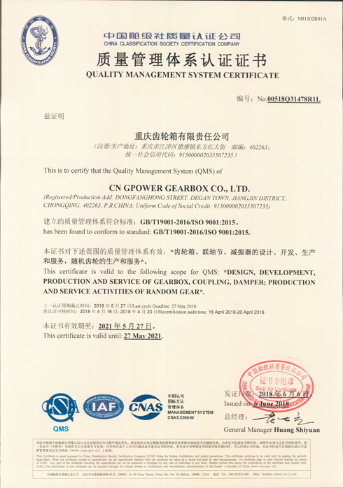 2018年質量證書
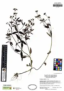 Collinsia childii is an annual herb producing an erect, branching stem up to about 35 centimeters tall coated in glandular hairs. The leaves are oblong, flat and sometimes slightly toothed.
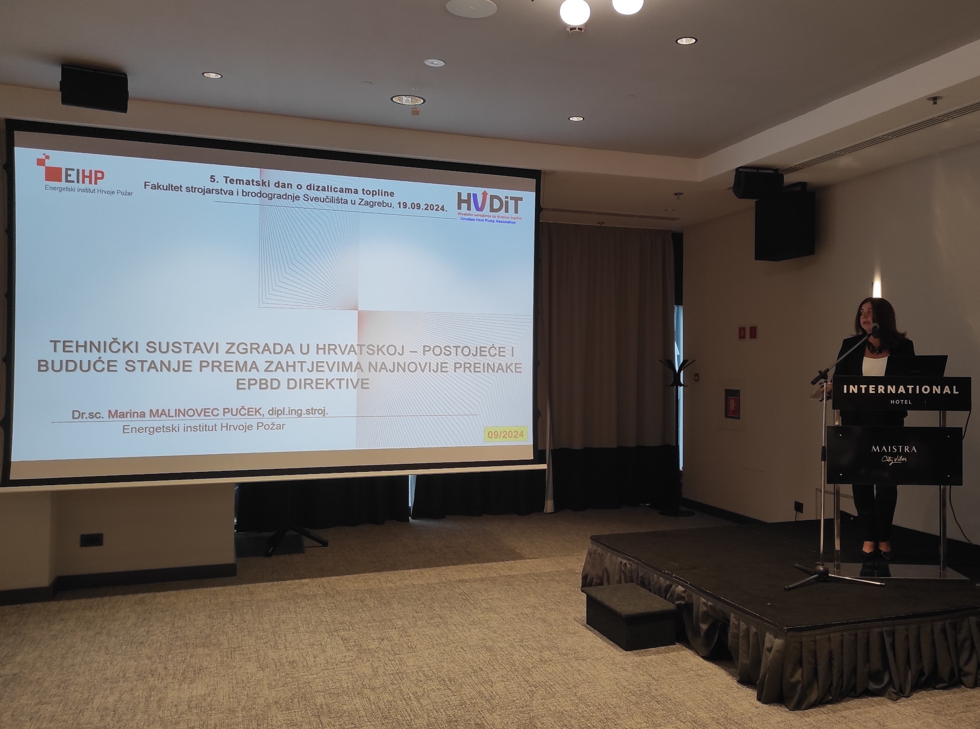Prvi blok predavanja zaključila je dr. sc. Marina Malinovec Puček s Instituta Hrvoje Požar s temom utjecaja preinaka EPBD direktive na tehničke sustave zgrada u Hrvatskoj koje će u skoroj budućnosti zgrade s nultim emisijama. Osim izmjena direktive, izlaganjem je obuhvaćen osvrt na potrošnju energije u Hrvatskoj te provedene aktivnosti cjelovite obnove zgrade EIHP i osnivanja nacionalnog trening centra za zgrade gotovo nulte energije.
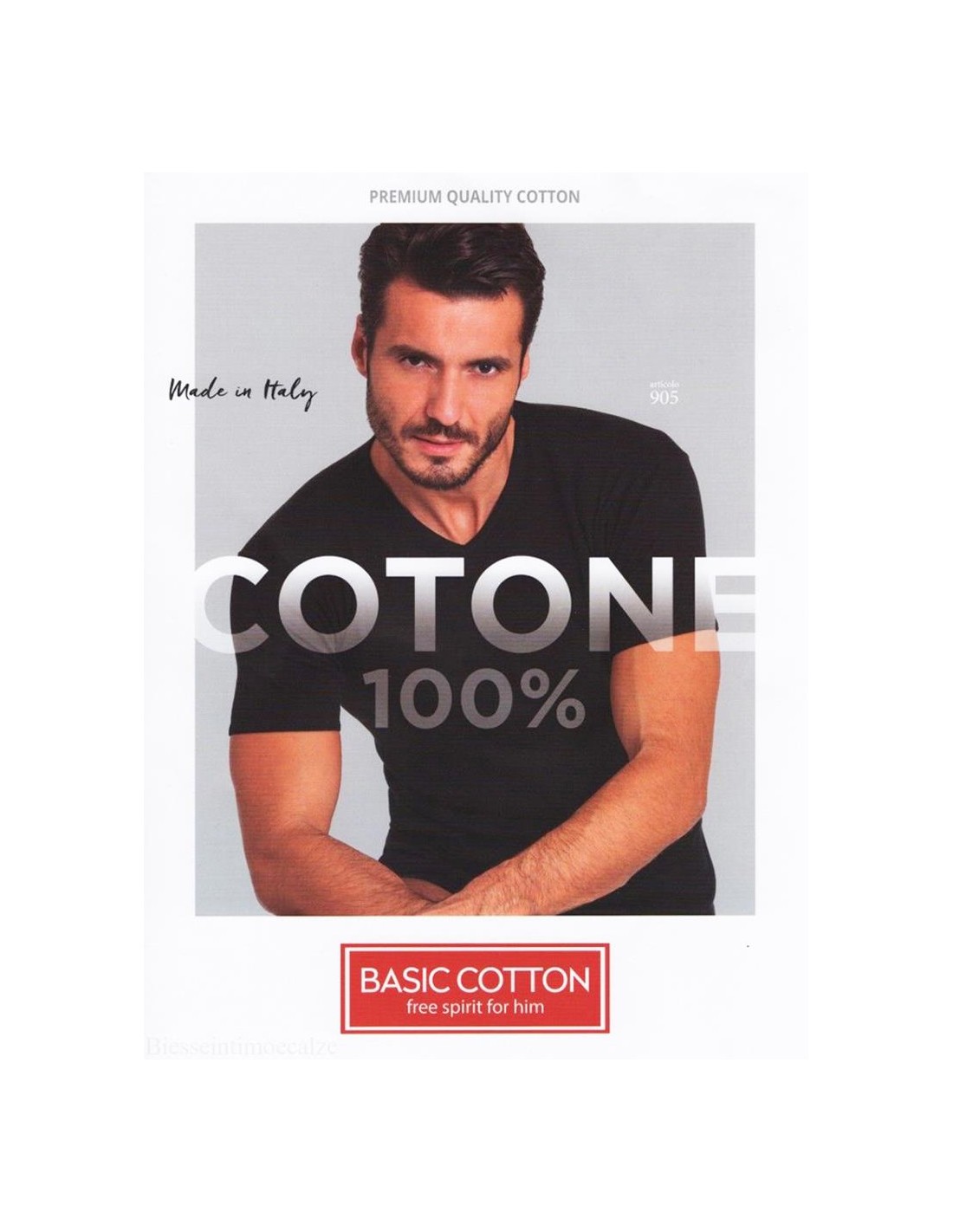T-Shirt Uomo a V 100% Cotone Manica Corta, Basic Cotton 905
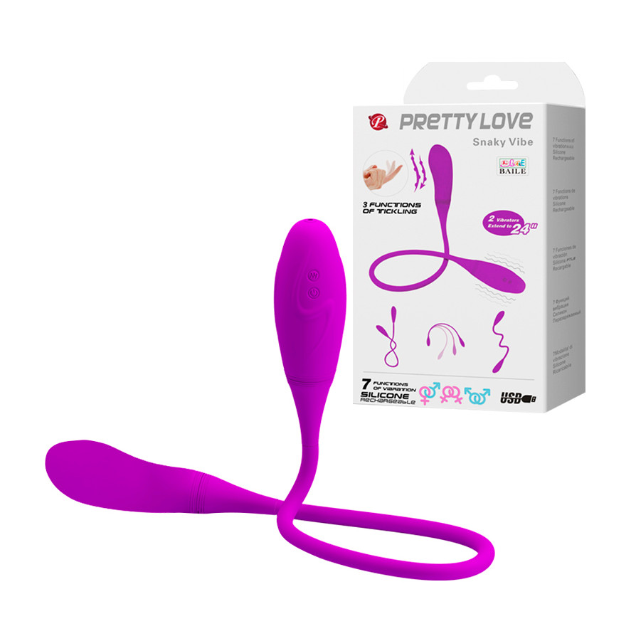 Vibrador duplo, recarregável, feito em silicone. Possui formato de ogiva nas extremidades, 7 modos de vibração, e estimulador de ponto G em uma das extremidades. Ufa, calma que ainda tem mais!
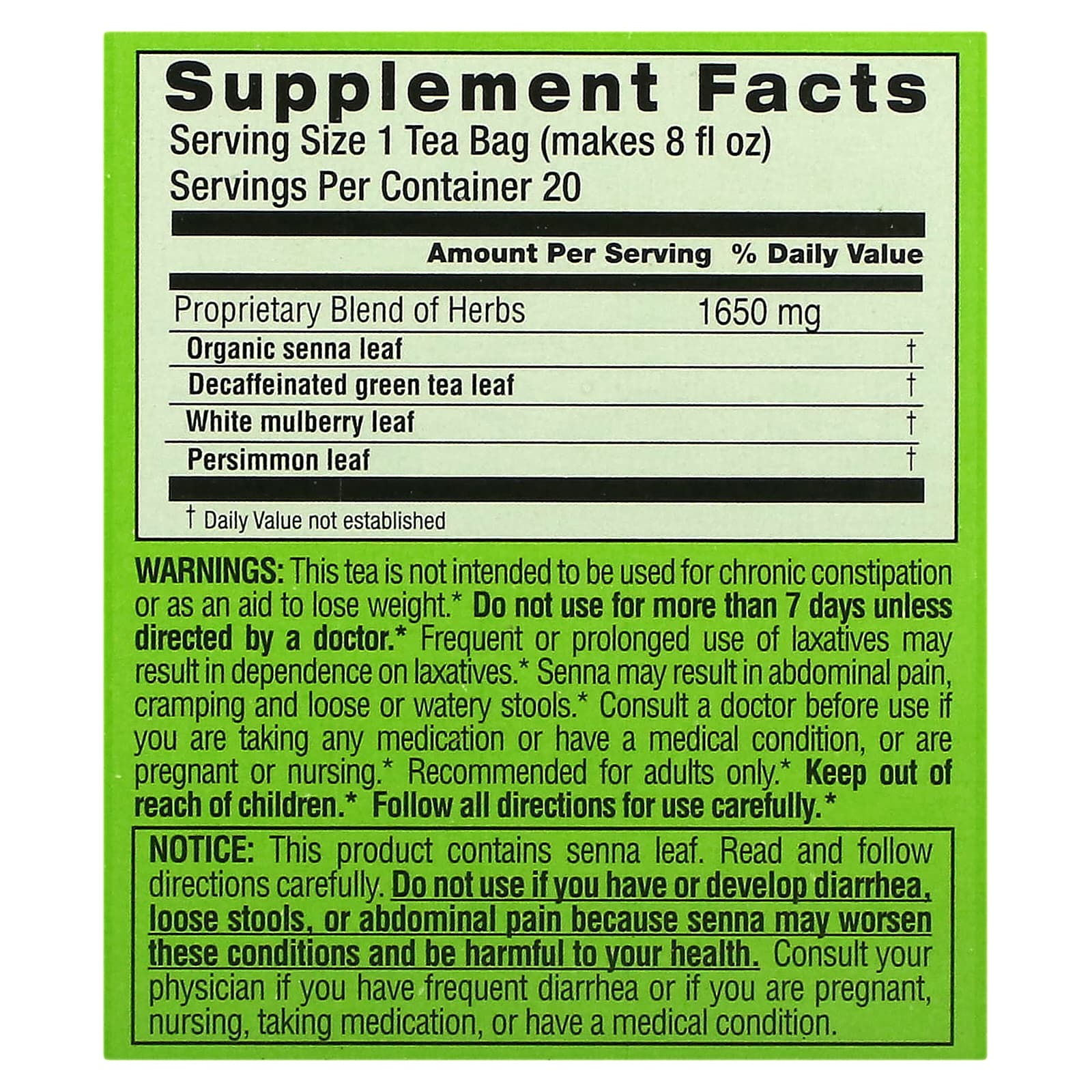 Этот чай не предназначен для употребления при хронических запорах или с целью снижения веса. Не принимать дольше 7 дней без рекомендации врача. Частое или длительное употребление слабительных может привести к зависимости от них. Сенна может вызвать боль в животе, спазмы и жидкий или водянистый стул. Перед началом применения во время беременности, кормления грудью, приема препаратов или при наличии каких-либо заболеваний следует проконсультироваться с врачом. Продукт предназначен только для взрослых. Хранить в недоступном для детей месте. Тщательно следуйте всем инструкциям по применению.
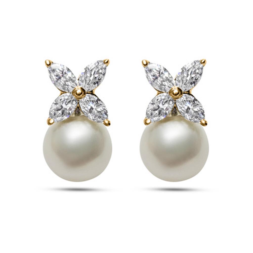 These exquisite 14k yellow gold stud earrings feature two luminous Japanese Akoya white cultured pearls measuring 7.5–8 mm, each gracefully suspended beneath a floral-inspired diamond design. The flowers are adorned with eight shared prong-set marquise-cut diamonds totaling 0.58 carats, sparkling with G/H color and VS2–SI1 clarity for a radiant, sophisticated finish. Secured with friction posts and backs, these earrings blend timeless elegance with delicate artistry, making them a refined addition to any fine jewelry collection.
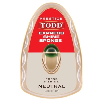TODD PRESTIGE EXPRESS SHINE SPONGE NEUTRAL This premium fast-acting shoe polishing sponge is designed for a quick and simple shoe refresh. Recommended to use on all colour leather shoes for the best protection. Not suitable for use on suede, nubuck or fabric. Available in: Black / Neutral Size: 6m
------------------------------------------------------------------------
▶ _TASK GOAL_
With the pictures omitted, copy exactly the lines of the listing above starting at the line containing "Prvi blok predavanja" and ending at the line containing "Этот чай не", both included.

▶ _TASK RESPONSE_
Prvi blok predavanja zaključila je dr. sc. Marina Malinovec Puček s Instituta Hrvoje Požar s temom utjecaja preinaka EPBD direktive na tehničke sustave zgrada u Hrvatskoj koje će u skoroj budućnosti zgrade s nultim emisijama. Osim izmjena direktive, izlaganjem je obuhvaćen osvrt na potrošnju energije u Hrvatskoj te provedene aktivnosti cjelovite obnove zgrade EIHP i osnivanja nacionalnog trening centra za zgrade gotovo nulte energije.
T-Shirt Uomo a V 100% Cotone Manica Corta, Basic Cotton 905
 Vibrador duplo, recarregável, feito em silicone. Possui formato de ogiva nas extremidades, 7 modos de vibração, e estimulador de ponto G em uma das extremidades. Ufa, calma que ainda tem mais!
 Этот чай не предназначен для употребления при хронических запорах или с целью снижения веса. Не принимать дольше 7 дней без рекомендации врача. Частое или длительное употребление слабительных может привести к зависимости от них. Сенна может вызвать боль в животе, спазмы и жидкий или водянистый стул. Перед началом применения во время беременности, кормления грудью, приема препаратов или при наличии каких-либо заболеваний следует проконсультироваться с врачом. Продукт предназначен только для взрослых. Хранить в недоступном для детей месте. Тщательно следуйте всем инструкциям по применению.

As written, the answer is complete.